#### [LISTED ENTRIES]
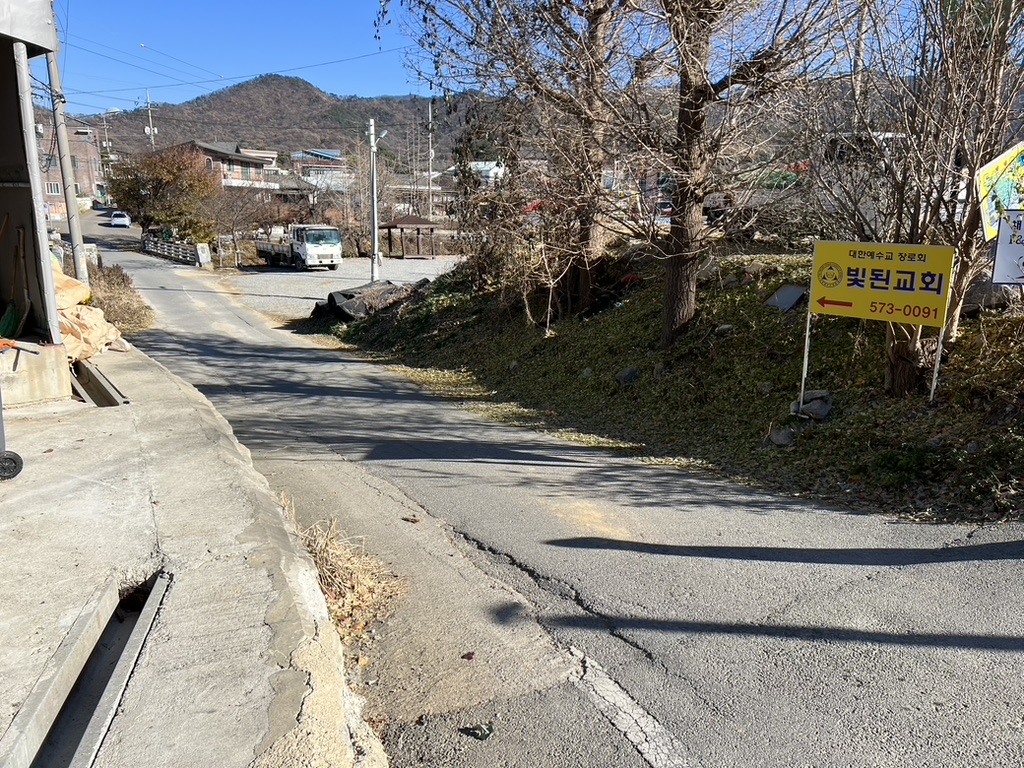 쭉 따라 들어오시다가 오른쪽으로 산, 왼쪽으로 빌라가 보이면 저 끝에서 왼쪽으로 접어드세요.
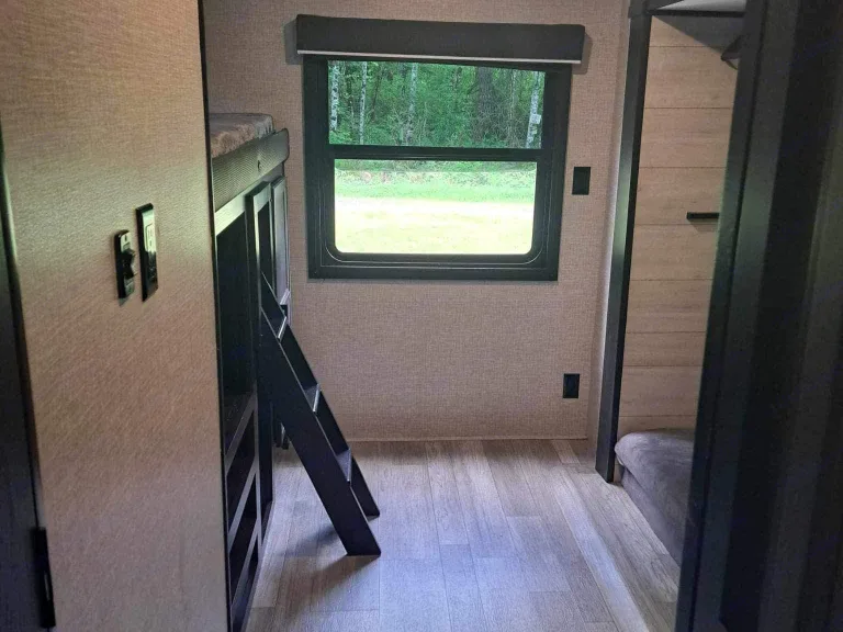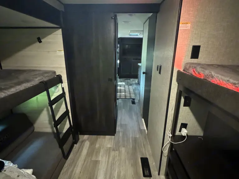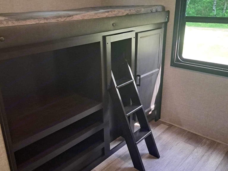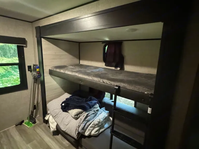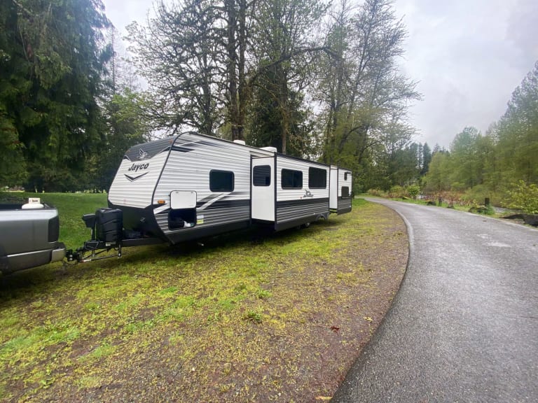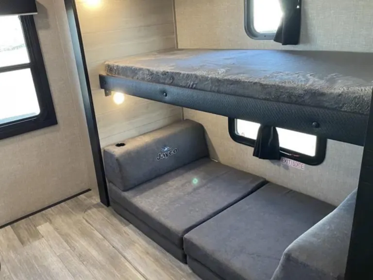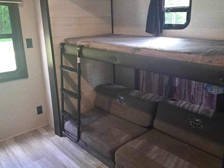 2022 JayFlight 32Bhds, 34ft long, bunk house, double slide outs, extended season insulation package, solar package to extend battery life. RV is cleaned and Covid sanitized between each bookingSleeps 10 comfortably with two separate bedrooms closed off from living space by sliding doors.Master Queen 60in W x 80in L with upgraded 12” deep firm memory foam mattress , storage and wardrobes and has rotating 40in TV from living space to bedroom.Bunk room has a TV hook-up, a 38in W x 73in L top bunk and a 29in W x 73in L top bunk and two Jay Cube chairs with removable back rests that fold into different configurations: 73in W x 80in L king bed or two twins or loveseat or lounge chairs.Large dinette folds down to a generous double bed and loveseat sofa folds out to another double bed.All mattresses and pillows have hygienic waterproof covers.Large rectangular shower with tub base, rounded curtain track and raised skylight for more room and taller elongated toilet for comfort and accessibility.Thermal package and enclosed underbelly for extended camping season, good to 0 degrees Celsius.Solar package to charge battery. Thermostat runs on battery or electric. Furnace runs on propane gas. Water heater can run on either propane or electric or both to speed up heating.Stove and optional BBQ and/or outdoor griddle run on propane with quick connect to RV's propane supply.Back up camera, screen provided.
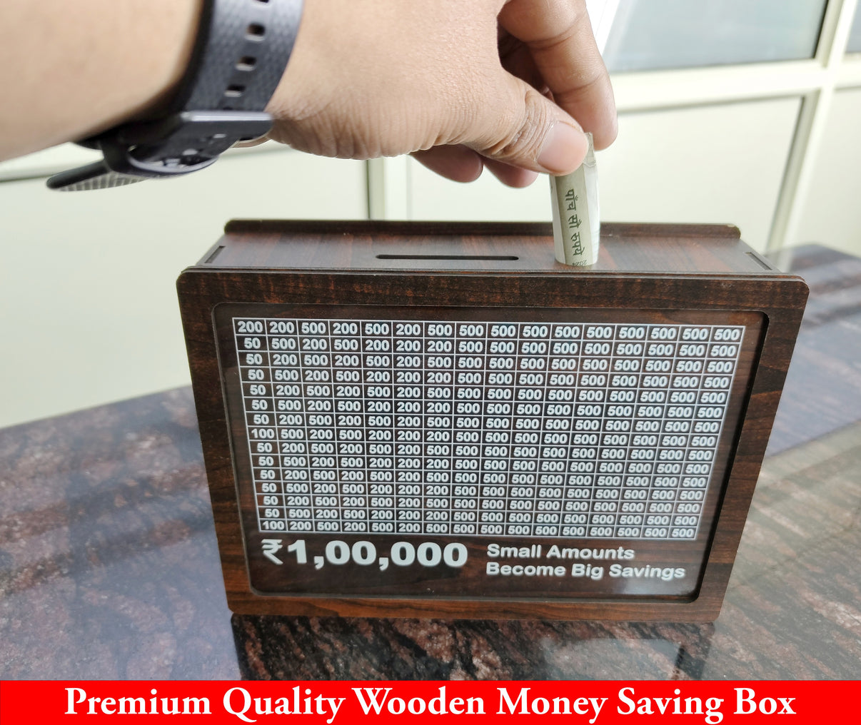 Wooden Money Saving Box | Cash Saver Money Box with Counting Target | 1,00,000 Savings Challenge Piggy Bank | Coin & Cash Bank for Boys, Girls and Adult | Durable & Eco-Friendly
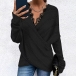 Fashion Lace Spliced V-neck Long Sleeve Irregular Hemline Cape Style Shirt
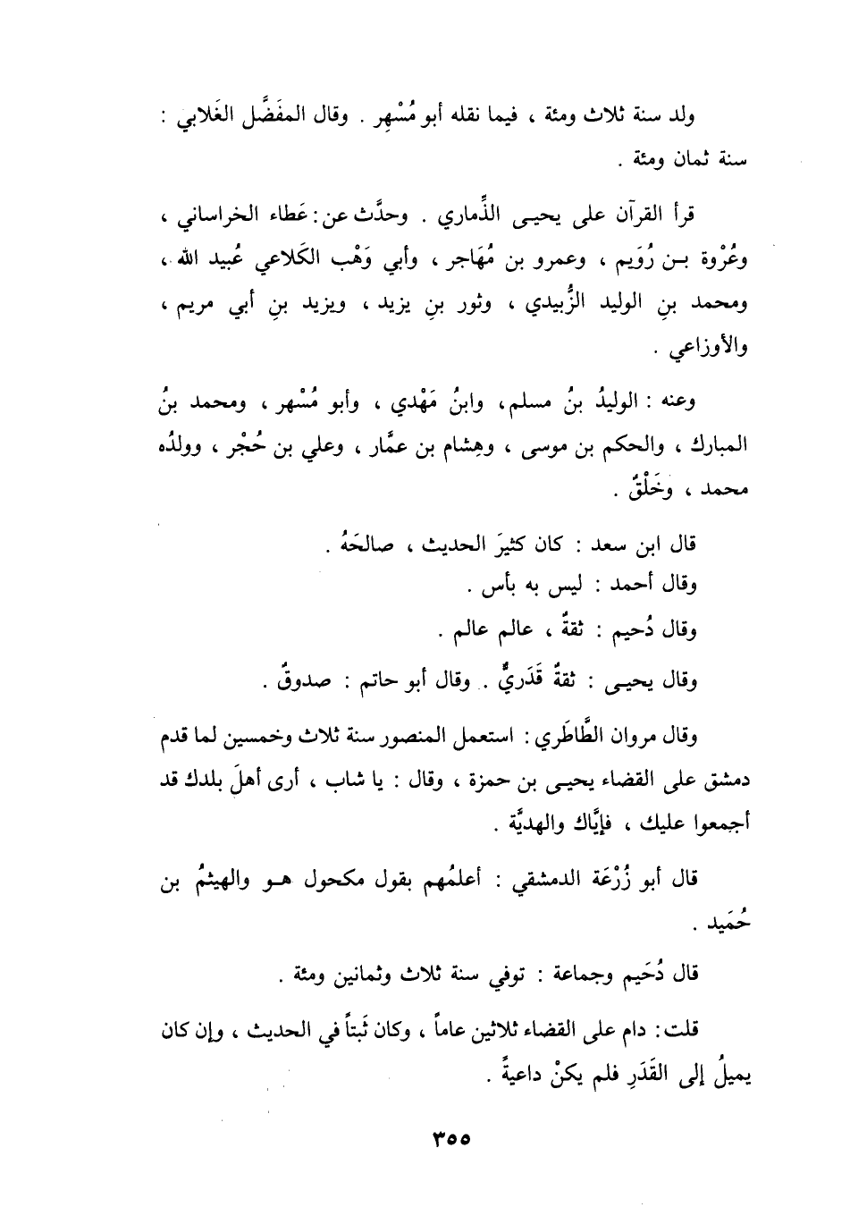 وَقَالَ دُحَيْمٌ: ثِقَةٌ، عَالِمٌ عَالِمٌ.

#### [GOAL OF THE EXERCISE]
Only the text of the entries belongs in the answer, copied exactly; the pictures stay out.

#### [WRITTEN ANSWER]
 쭉 따라 들어오시다가 오른쪽으로 산, 왼쪽으로 빌라가 보이면 저 끝에서 왼쪽으로 접어드세요.
 2022 JayFlight 32Bhds, 34ft long, bunk house, double slide outs, extended season insulation package, solar package to extend battery life. RV is cleaned and Covid sanitized between each bookingSleeps 10 comfortably with two separate bedrooms closed off from living space by sliding doors.Master Queen 60in W x 80in L with upgraded 12” deep firm memory foam mattress , storage and wardrobes and has rotating 40in TV from living space to bedroom.Bunk room has a TV hook-up, a 38in W x 73in L top bunk and a 29in W x 73in L top bunk and two Jay Cube chairs with removable back rests that fold into different configurations: 73in W x 80in L king bed or two twins or loveseat or lounge chairs.Large dinette folds down to a generous double bed and loveseat sofa folds out to another double bed.All mattresses and pillows have hygienic waterproof covers.Large rectangular shower with tub base, rounded curtain track and raised skylight for more room and taller elongated toilet for comfort and accessibility.Thermal package and enclosed underbelly for extended camping season, good to 0 degrees Celsius.Solar package to charge battery. Thermostat runs on battery or electric. Furnace runs on propane gas. Water heater can run on either propane or electric or both to speed up heating.Stove and optional BBQ and/or outdoor griddle run on propane with quick connect to RV's propane supply.Back up camera, screen provided.
 Wooden Money Saving Box | Cash Saver Money Box with Counting Target | 1,00,000 Savings Challenge Piggy Bank | Coin & Cash Bank for Boys, Girls and Adult | Durable & Eco-Friendly
 Fashion Lace Spliced V-neck Long Sleeve Irregular Hemline Cape Style Shirt
 وَقَالَ دُحَيْمٌ: ثِقَةٌ، عَالِمٌ عَالِمٌ.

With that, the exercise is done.